Unit 1: Introduction to Mathematics and Science
This is the foundational unit, and many will
be able to just breeze through it. I do recommend
that you take some time, though. The topics
are not technically difficult, but they do
form the basis of a philosophy of science,
from which all of your work will be based.
The stronger this foundation, the stronger
will be your work.
Goals:
- The scientific method.
- The nature of mathematics.
Useful Sources of Study
Unit 2: Mathematics
This unit is designed to give you a quick
overview of mathematics.
Requirements:
Unit 1 Elementary Mathematics and Science:
Introduction to Mathematics and Science,
and Unit 1 Elementary Practical Science:
Introduction to Doing Science, and Unit 1
Independent Study: Introduction to Studying
Mathematics and Science.
Goals:
- Arithmetic operations: addition, subtraction,
multiplication, division, exponentiation,
radicals, and logarithms.
- The basics of set theory: sets, elements,
lists, set-builder notation, subsets, equal
sets, the empty set, union, intersection,
difference, and symmetric difference.
- The number system: natural numbers, integers,
rational numbers, irrational numbers, decimals
as approximations, real numbers, imaginary
numbers, and complex numbers.
- Geometric ideas: points, sets of points,
lines, planes, intersecting lines, angles,
triangles, other polygons, circles, solid
figures, area, surface area, and volume.
- Algebra: symbolic representation, algebraic
expressions, equations, inequalities, representing
equations and inequalities geometrically,
and types of equations and inequalities.
- Functions: Cartesian products, relations,
equivalence relations, functions, common
algebraic functions, and representing functions
geometrically.
- Calculus: Sequences, limits of sequences,
limits of functions, the derivative, differentiation
rules, the antiderivative, the integral,
the fundamental theorem of calculus, and
series.
Capabilities:
- Perform each arithmetic operation on any
two numbers.
- Represent a set in set-builder notation,
including subsets, union, intersection, difference,
and symmetric difference.
- Demonstrate sets using Venn diagrams: subsets,
union, intersection, difference, and symmetric
difference.
- Explain the idea of completeness of the number
system.
- Explain how the number system evolved from
natural numbers to complex numbers to gaurantee
completeness.
- Be able to make diagrams of each type of
geometric figure.
- Be able to calculate lengths, angles, areas,
surface areas, and/or volumes for all major
geometrical figures.
- Be able to convert a written statement concerning
quantities into an algebraic expression.
- Be able to perform arithmetic operations
on algebraic expressions.
- Be able to factor, expand, and simplify algebraic
expressions as needed.
- Derive, solve, and plot the solutions of
linear, rational, radical, quadratic, cubic,
and quartic equations and inequalities.
- Explain Cartesian products as they relate
to graphs.
- Explain relations, equivalence relations,
and functions in terms of sets.
- Represent common algebraic functions as equations,
tables, and Cartesian graphs. The functions
include linear, polynomial, rational, exponential,
and logarithmic.
- Explain sequences and convergence.
- Be able to calculate the limit of a sequence.

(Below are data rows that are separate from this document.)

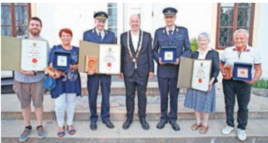
Letošnji občinski nagrajenci

Kar enaintrideset prostovoljk in prostovoljcev dostavi glasilo vsem 2300 članom na dom. Prostovoljstvo se izraža tudi v finančni obliki, saj člani prispevajo za tisk glasila.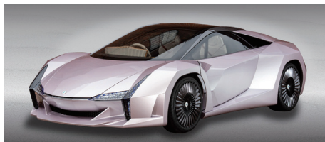
ナノセルロースヴィークル 環境省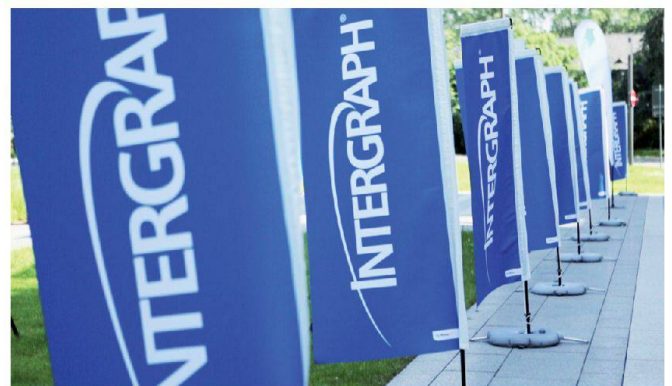
Intergraph-Flaggen-See vor der Rhein-Mosel-Halle, Koblenz.

Innovationen, zur Marktlage und Unternehmenspolitik von Intergraph. Bestehende Produkte und Lösungen, konkrete Anforderungen an die zukünftige Softwareentwicklung und aktuelle Problemstellungen werden hingegen in so genannten Nutzergruppen diskutiert. So richtet sich die vor wenigen Monaten gegründete G!NIUS-Nutzergruppe an Anwender der Softwarelösung G!NIUS von Intergraph, speziell bei Ver- und Entsorgungsunternehmen. Auf dem Intergraph-Forum 2013 wurde die G!NIUS-Nutzergruppe erstmals dem breiten Auditorium vorgestellt.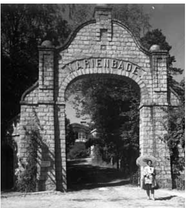
Kinolektorijis aicina caur dažādu laiku kinokadriem iepazīties ar Jūrmalas vēsturi, attīstību, vidi, cilvēkiem un notikumiem. Jūrmala. Pagājušā gadsimta 30. gadi.

13. novembrī plkst. 18 Jūrmalas Kultūras centrā notiks kinolektorijis par Jūrmalu – kinohroniku programma un lekcija, kas ar dažādu laiku kinokadru palīdzību uzskatāmi stāstīs par pilsētas vēsturi, attīstību un personībām.

- Extend the idea of the limit of a sequence
to a function.
- Be able to calculate the limits of functions.
- Explain the idea of a derivative, higher-order
derivatives, the constant rule, the constant
multiple rule, the sum rule, the power rule,
the product rule, the quotient rule, and
the chain rule.
- Be able to calculate the derivatives of functions.
- Explain the idea of the integral.
- Be able to calculate the integrals of functions.
- Use the fundamental theorem of calculus to
calculate definite integrals.
Useful Sources of Study
- US Navy Training Manual, Mathematics, Basic
Math and Algebra, search for NAVEDTRA 14139 in your search
engine.
- US Navy Training Manual. Mathematics, Pre-Calculus
and Introduction to Probability, search for NAVEDTRA 14141 in your search
engine.
- David A. Santos, (2008), Andragogic Propaedeutic Mathematics. This is a free download for the website:
http://faculty.ccp.edu/faculty/dsantos/lecture_notes.html. This book does not cover complex numbers,
but it does have an introduction to sets.
- David A. Santos, (2008), Ossifrage and Algebra. This is a free download for the website:
http://faculty.ccp.edu/faculty/dsantos/lecture_notes.html. This book does not cover complex numbers.
- David A. Santos, (2008), Precalculus. This
is a free download for the website: http://faculty.ccp.edu/faculty/dsantos/lecture_notes.html.
- CK-12 Foundation, (2010), Math Analysis, CK-12 Flexbook. This is a free download
from the website: www.ck12.org
- HELM Workbooks (Helping Engineers Learning
Mathematics), Available as a free download from the website:
http://www.maths.sussex.ac.uk/Staff/RML/HELM/
- Jerrold E. Marsden, Alan Weinstein, (1985),
Calculus I. Available as a free download from the website:
http://caltechbook.library.caltech.edu/view/person-az/Marsden-J-E.html
- CK-12 Foundation, (2010), Single-Variable Calculus, CK-12 Flexbook. This is a free download
from the website: www.ck12.org
Unit 3: Science
This unit is designed to give you a quick
overview of chemistry and physics. This is
a very long unit.
Requirements:
Unit 2 Elementary Mathematics and Science:
Mathematics, and Unit 2 Elementary Practical
Science: Problem-Solving.
Goals:
- Basic Science: Units of measurement, scientific
notation, unit conversions, dimensional analysis
- Physics: Motion, position, displacement,
velocity, mass, kinetic energy, acceleration,
potential energy, the conservation of energy,
momentum, the conservation of momentum.
- Particles: Newton's laws of motion, work,
power, angular momentum, and the conservation
of angular momentum.
- Matter: Collisions, accretion, explosions,
systems of particles, center of mass, moment
of inertia, rigid bodies, statics, elastic
solids, fluid statics, fluid dynamics, and
the zeroth, first, second, and third laws
of thermodynamics.
- Chemistry: Atoms, molecules, chemical elements
and isotopes, chemical formulas and equations,
chemical reactions, reaction yields, kinetic
theory, thermochemistry, and chemical equilibrium.
Capabilities:
- Identify the primary SI units of length,
time, mass, temperature, and current..
- Identify the derived SI units for area, volume,
density.
- Given a density, find the mass or the volume.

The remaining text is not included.